There is limited knowledge regarding the relationship between the reason for revising a TKA and the clinical outcome in terms of satisfaction, pain, and function with time.

Questions/purposes

In a cohort of patients receiving a fully revised TKA, we hypothesized (1) outcomes would differ according to reason for revision at 2 years, (2) outcomes would improve gradually during those 2 years, (3) rates of complications differ depending on the reason for revision, and (4) patients with complications have lower scores.

Methods

We studied a prospective cohort of 150 patients receiving a fully revised TKA using a single implant system in two high-volume centers at 24 months of followup. VAS satisfaction, VAS pain, The Knee Society Scoring System© (KSS) clinical and functional scores, and complication rate were correlated with their reasons for revision, including septic loosening, aseptic loosening, component malposition, instability, and stiffness.

Results

The aseptic loosening group showed better outcomes compared with the instability, malposition, and septic loosening groups, which showed intermediate results (p < 0.05). The stiffness group performed significantly worse on all outcome measures. The outcome for patients with a complication, after treatment of the complication, was less favorable.

Conclusions

The reason for revision TKA predicts clinical outcomes. Satisfaction, pain reduction, and functional improvement are better and complication rates are lower after revision TKA for aseptic loosening than for other causes of failure. For component malposition, instability, and septic loosening groups, there may be more pain and a higher complication rate. For stiffness, the outcomes are less favorable in all scores.

Level of Evidence

Level III, prognostic study. See Guidelines for Authors for a complete description of levels of evidence.
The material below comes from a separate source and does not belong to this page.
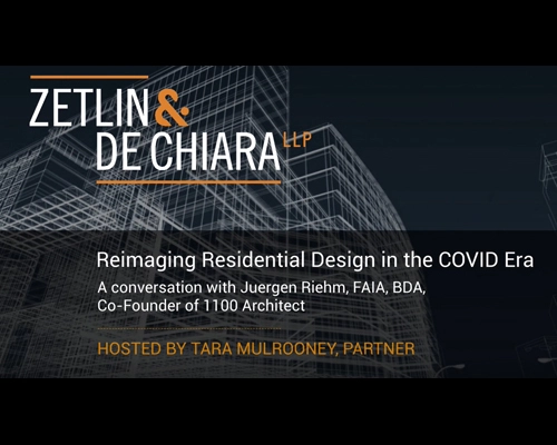 Tara Mulrooney, Partner at Zetlin & De Chiara and Juergen Riehm, Co-Founder at 1100 Architect, discuss how much residential design has changed since the Covid-19 pandemic. They address the design trends, the differences between urban and suburban homes, the need for flexible space and the new emphasis on air quality, privacy and noise control. Watch the full interview above, or excepts by topic from the playlist below.
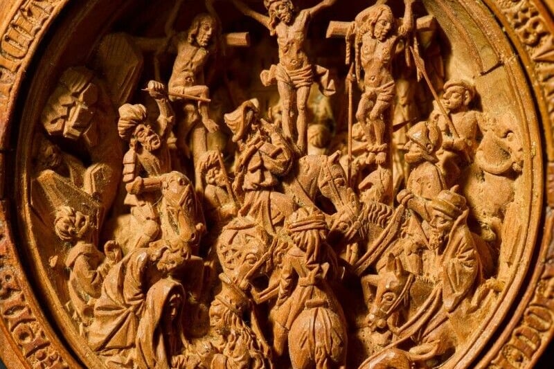 Detail aus einer aufgeklappten Gebetsnuss aus Buchsbaum, die bei Sotheby's für 605.000 Pfund versteigert wurde, zum Zehnfachen der Taxe.

The institute of one or more of the authors (RWTMK, JJPS, GGH, ABW) has received, during the study period, funding from Smith & Nephew Inc (Memphis, TN, USA). One or more of the authors (GGH, HV, ABW) certifies that he or she, or a member of his or her immediate family, has received or may receive payments or benefits, during the study period, an amount of USD (GGH: USD 10,000–USD 100,000; HV: USD 10,000–USD 100,000; ABW: USD 10,000–USD 100,000), from Smith & Nephew.
All ICMJE Conflict of Interest Forms for authors and Clinical Orthopaedics and Related Research editors and board members are on file with the publication and can be viewed on request.
Clinical Orthopaedics and Related Research neither advocates nor endorses the use of any treatment, drug, or device. Readers are encouraged to always seek additional information, including FDA-approval status, of any drug or device prior to clinical use.
Each author certifies that his or her institution approved or waived approval for the human protocol for this investigation and that all investigations were conducted in conformity with ethical principles of research.
This work was performed at the Sint Maartenskliniek, Nijmegen, The Netherlands.